Lismore MP Thomas George tells a meet the candidates forum on Thursday night he will back any necessary plans to secure his electorate’s water supplies.
Lismore MP Thomas George tells a meet the candidates forum on Thursday night he will back any necessary plans to secure his electorate’s water supplies. Scott Powick

George stands alone on dam

SITTING National Party MP Thomas George has emerged as the only candidate for the seat of Lismore to back plans for a controversial dam at Byrrill Creek.

Mr George, whose electorate covers Murwillumbah and the proposed dam site, told Thursday night's pre-election forum in Murwillumbah that he would do whatever had to be done to provide future water supplies, including supporting Tweed Shire Council's plan for a new dam.

Mr George said he would support whichever plan was shown to be necessary to secure water supplies for Tweed's burgeoning population.

Yesterday, he said the election next Saturday now offered a clear choice.

“If you want infrastructure for Tweed to cope for future growth, you vote for us,” he said.

“Both Labor and the Greens have spelt out quite clearly they are not going to build it.”

Mr George told the crowd on Thursday night crowd he had been told raising the wall of the Clarrie Hall Dam was not possible “without pulling it down and starting again”.

Yesterday he said he had received that information from “people involved with building” the wall.

A council spokeswoman said: “The advice received by Mr George is incorrect.”

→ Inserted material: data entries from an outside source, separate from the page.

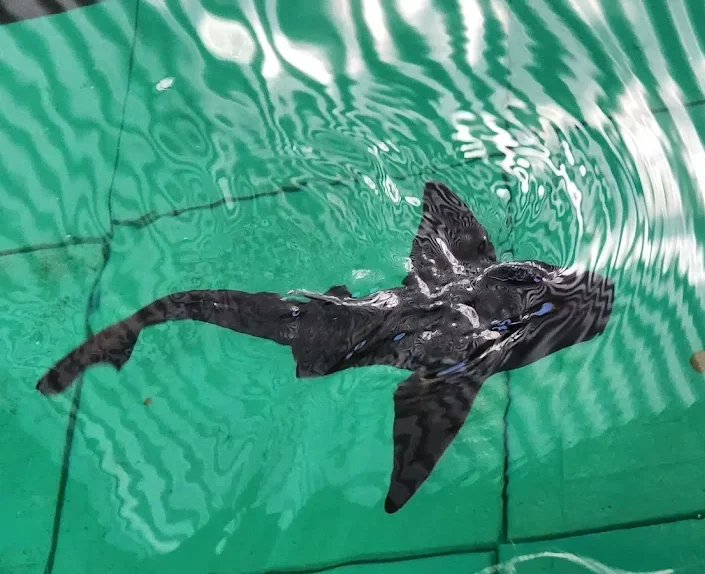 Stingarees are small, round-bodied rays often found resting quietly on sandy sea floors or hiding beneath the shallows.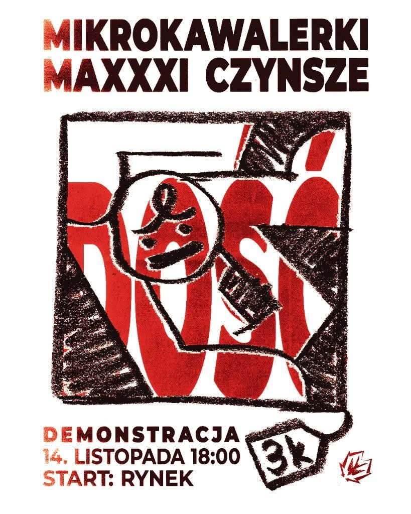 14 listopada znów wyjdziemy na ulice, by głośno i wyraźnie powiedzieć DOŚĆ MIKROKAWALERKOM I MAXXXICZYNSZOM! Dołączysz?
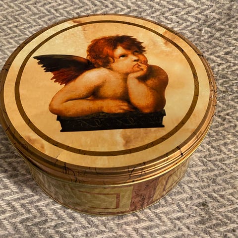 Kuvan pyöreä peltinen rasia. Korkeus 16 cm ja halkaisija 10 cm. Ehja ja siisti.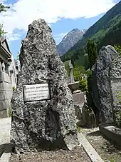 Shortly after returning to Chamonix from another climb in the Alps, Whymper became ill, locked himself in his room at the Grand Hotel Couttet, and refused all medical treatment.[22] Whymper died alone on 16 September 1911, at the age of 71.[22][23] A funeral was held four days later. He is buried in the English cemetery in Chamonix.[22]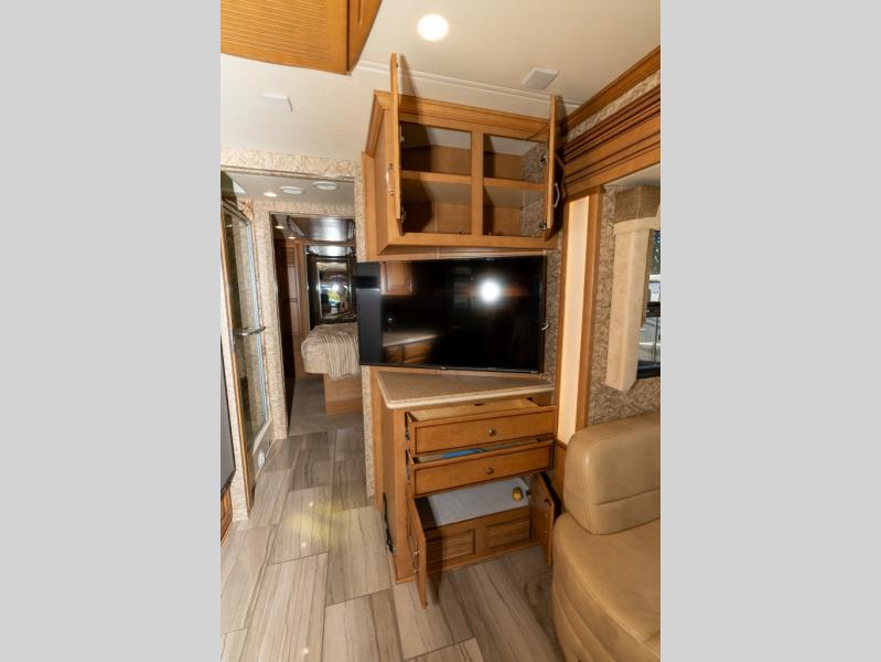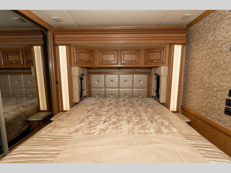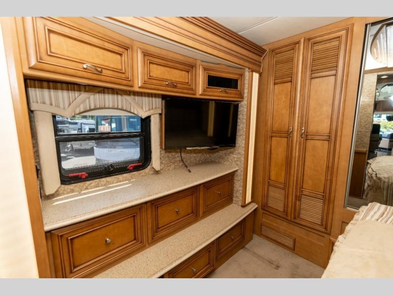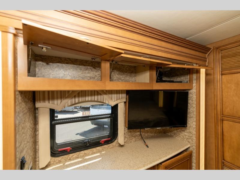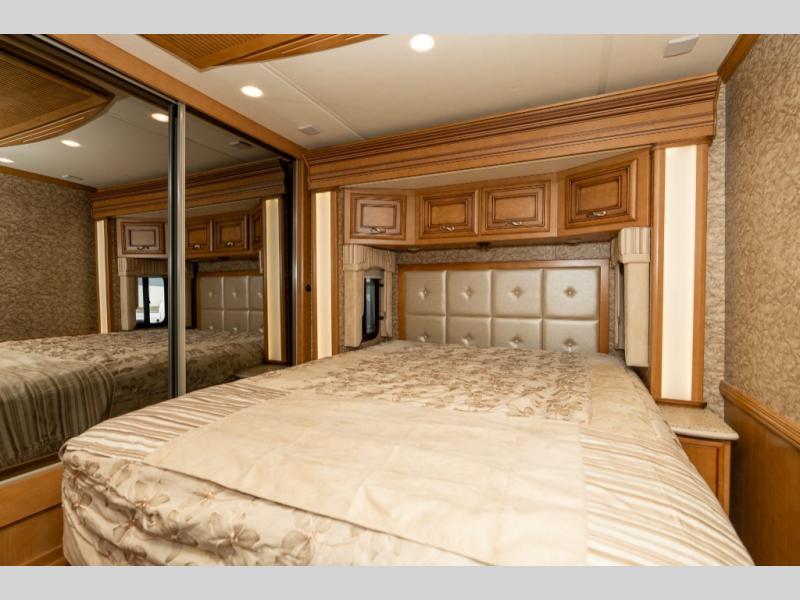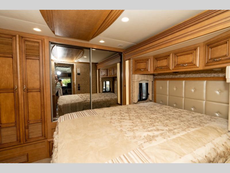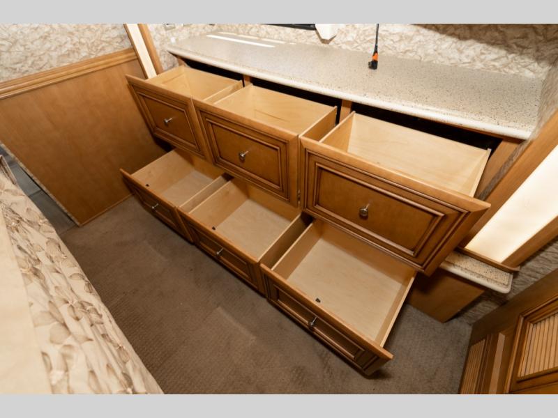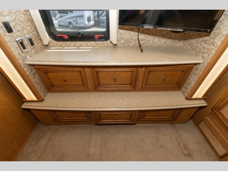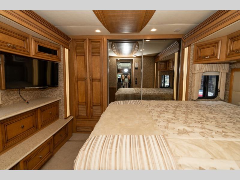 In the rear you will find the bedroom with two slides. One slide has a queen bed and the other slide has a TV and dresser. There is plenty of storage with the rear wardrobe.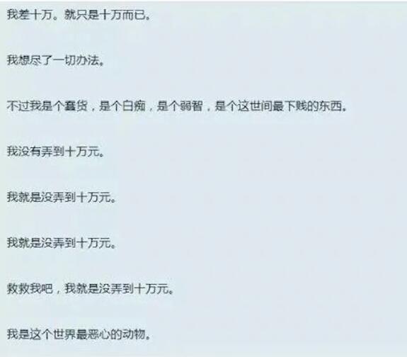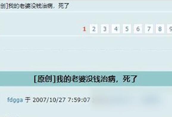"差十万"则是出自某社区2007年10月份的一个帖子,帖子成自己老婆没钱治病,医生告诉他需要30万,他把家产全卖了,只有20万,最后只差差10万而已,他想尽了一切办法,可就是没弄到这10万。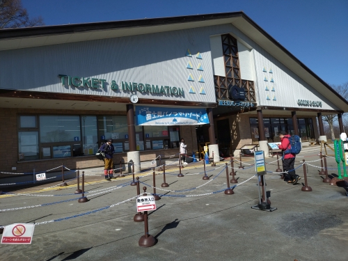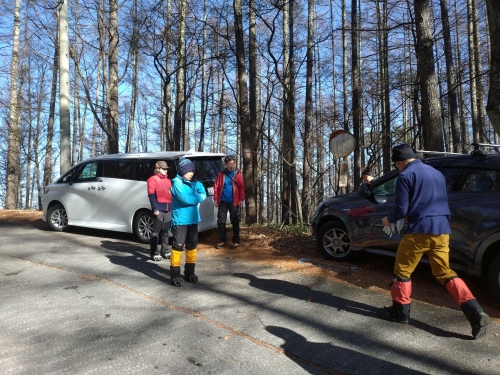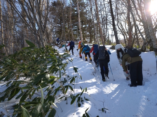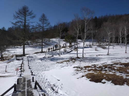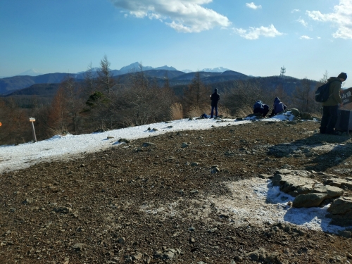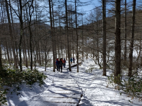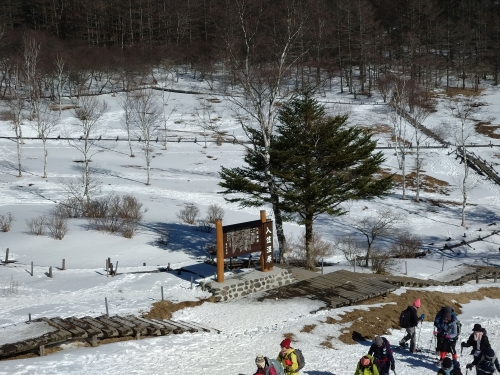 今回の山行は、暖かい日で雪が少なく、チェーンスパイク、軽アイゼンで十分でしたが、もう一度冬季に来ることがあれば、是非、霧氷の付いたカラ松の林を歩き、白一色の山頂から絶景を楽しみたいと思いました。

If the dam wall was to be raised, she said the thickness on the downstream would be increased, requiring lowering the dam capacity to 75% during construction.

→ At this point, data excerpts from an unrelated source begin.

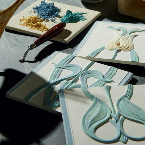 Original Style Artworks Relief Moulded Decor Tiles. With Art Nouveau styling. This 3-tile set is produced by a raised pattern technique called relief moulding. Each tile is slip cast in elegantly sculptured moulds and then dry-fired before being individually hand painted. After glazing and further firing in a high-temperature kiln, the result is a unique piece that will provide pleasure for years to come.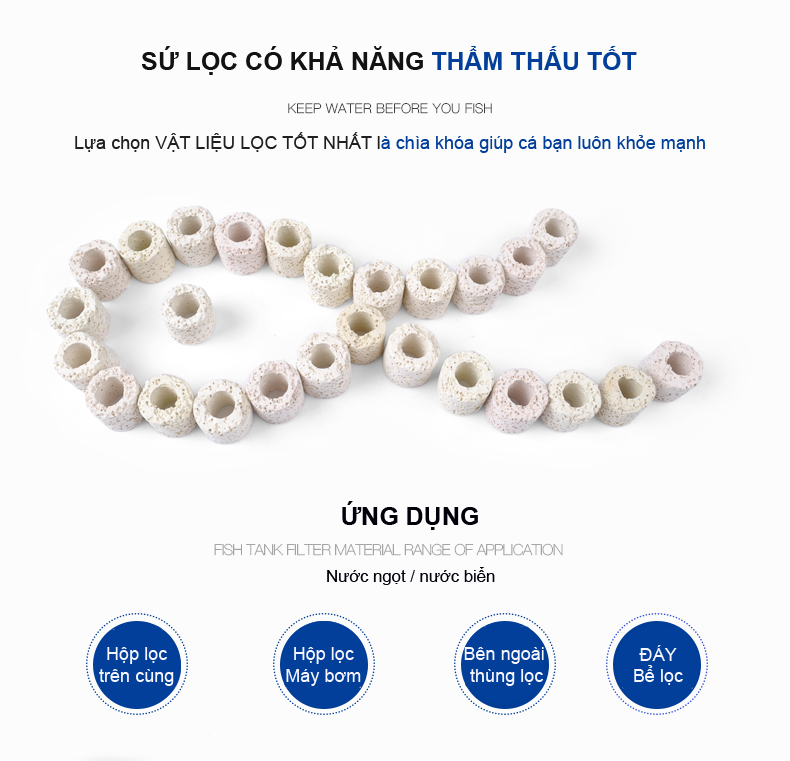 Đặc điểm: sứ lọc là sản phẩm vật liệu lọc bể cá cực kỳ phổ biến, có thể nói xếp ngang với sứ thanh hoa mai Keyrsin. Sứ viên lỗ vi sinh thường sử dụng cho lọc tràn trên, lọc ngoài, các bộ lọc chế thùng kín. Phân tán dòng tốt, diện tích bề mặt lớn, giá thành hợp lý nên sứ viên rất được người chơi thủy sinh sử dụng.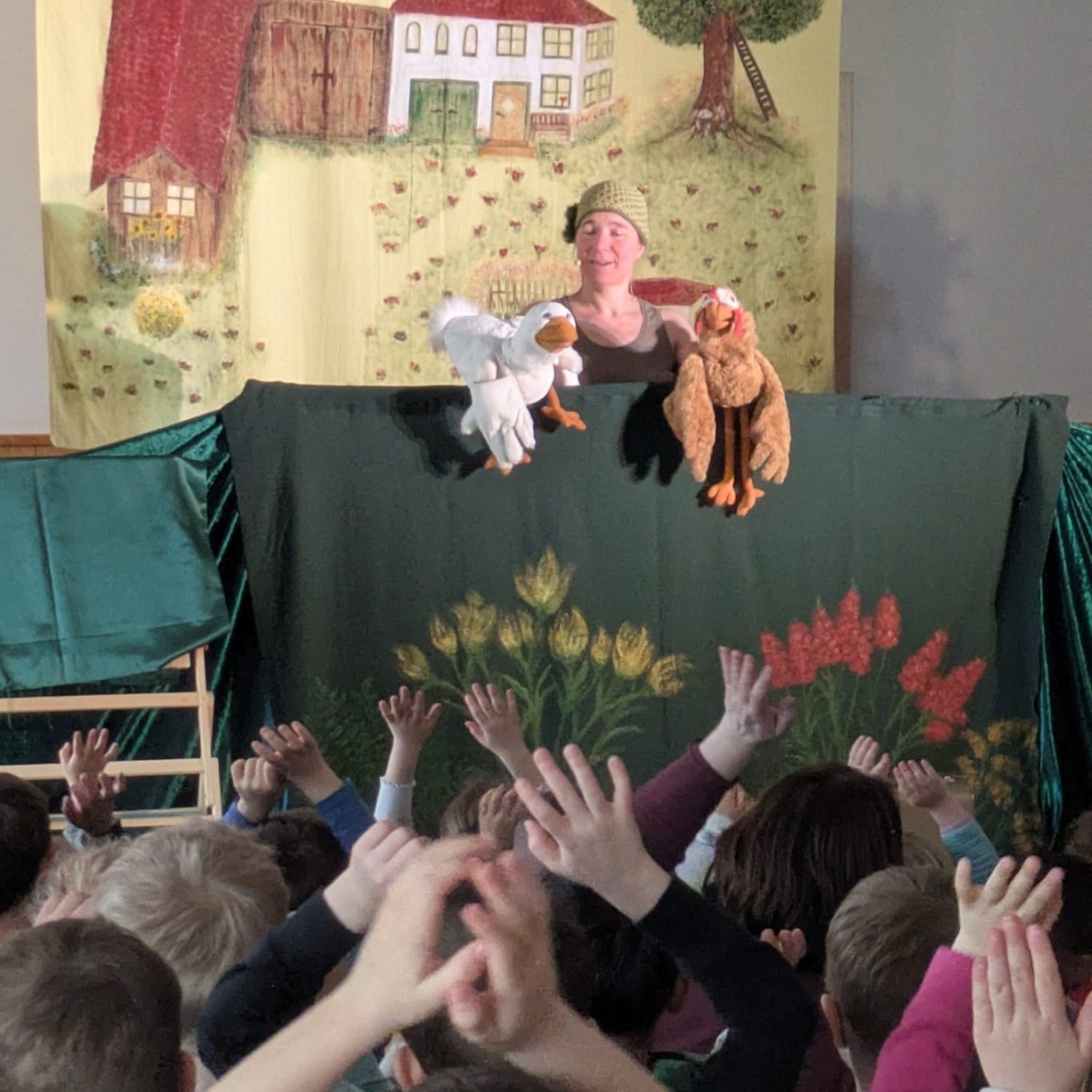 Während dem 50-minütigen Puppenspiel konnten die Kinder selber viel beitragen, durch singen und mitmachen.

“Otherwise the dam would continue to function as normal,” she said.

Mr George responded that the council had failed to provide him with any such information and he stood by his statement.

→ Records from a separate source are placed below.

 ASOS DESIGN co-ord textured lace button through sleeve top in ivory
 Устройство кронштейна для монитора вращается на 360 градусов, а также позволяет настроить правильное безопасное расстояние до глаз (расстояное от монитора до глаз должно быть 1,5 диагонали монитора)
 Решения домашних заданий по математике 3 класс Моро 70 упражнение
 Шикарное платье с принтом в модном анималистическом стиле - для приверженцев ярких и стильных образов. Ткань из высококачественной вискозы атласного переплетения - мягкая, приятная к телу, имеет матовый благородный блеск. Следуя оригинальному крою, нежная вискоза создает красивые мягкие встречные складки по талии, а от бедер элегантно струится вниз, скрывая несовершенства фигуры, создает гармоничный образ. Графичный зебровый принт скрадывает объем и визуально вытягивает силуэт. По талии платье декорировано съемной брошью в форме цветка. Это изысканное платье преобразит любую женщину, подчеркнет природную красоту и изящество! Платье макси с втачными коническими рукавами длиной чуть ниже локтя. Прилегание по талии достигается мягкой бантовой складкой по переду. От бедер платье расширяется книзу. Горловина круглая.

Mr George said he would back whatever infrastructure was recommended by experts as necessary, but the only correspondence he had received from the council concerning the dam was a 12-point questionnaire, which listed the dam as point 11.

“The only facts that have ever been put on my table have come from the opponents of the dam,” he said.

“I haven't seen the ‘for' side.

"Council has not put their proposal to us.”

Independent candidate Russell Kilarney said future water needs of the Tweed had to be considered, but the Byrrill Creek dam should be a “last resort” and suggested other possible sites should be investigated.

Labor candidate for Lismore Andrew Moy told Thursday night's forum he was strongly against the dam proposal and yesterday added the council was wasting money even pursuing the idea.

“With the amount of threatened species there it will get thrown to the Federal Government and they won't let them do it,” Mr Moy said.

“The way to go... is instead of 10,000-litre rainwater tanks on new homes have 36,000-litre tanks, which would also be a great benefit for firefighting.”

Greens candidate Susan Stock said the proposed Byrrill Creek dam would be 40 metres high and inundate a vital wildlife corridor between national parks that is home to 71 threatened species.

“The proposed dam site is so exquisitely beautiful, surrounded by core koala habitat and the creek home to many platypus,” she said.

“The land is also home for 26 species of threatened plants and 45 species of threatened animals.

“I wonder whether Thomas George has ever explored it and seen the beauty and rarity of this lowland rainforest?”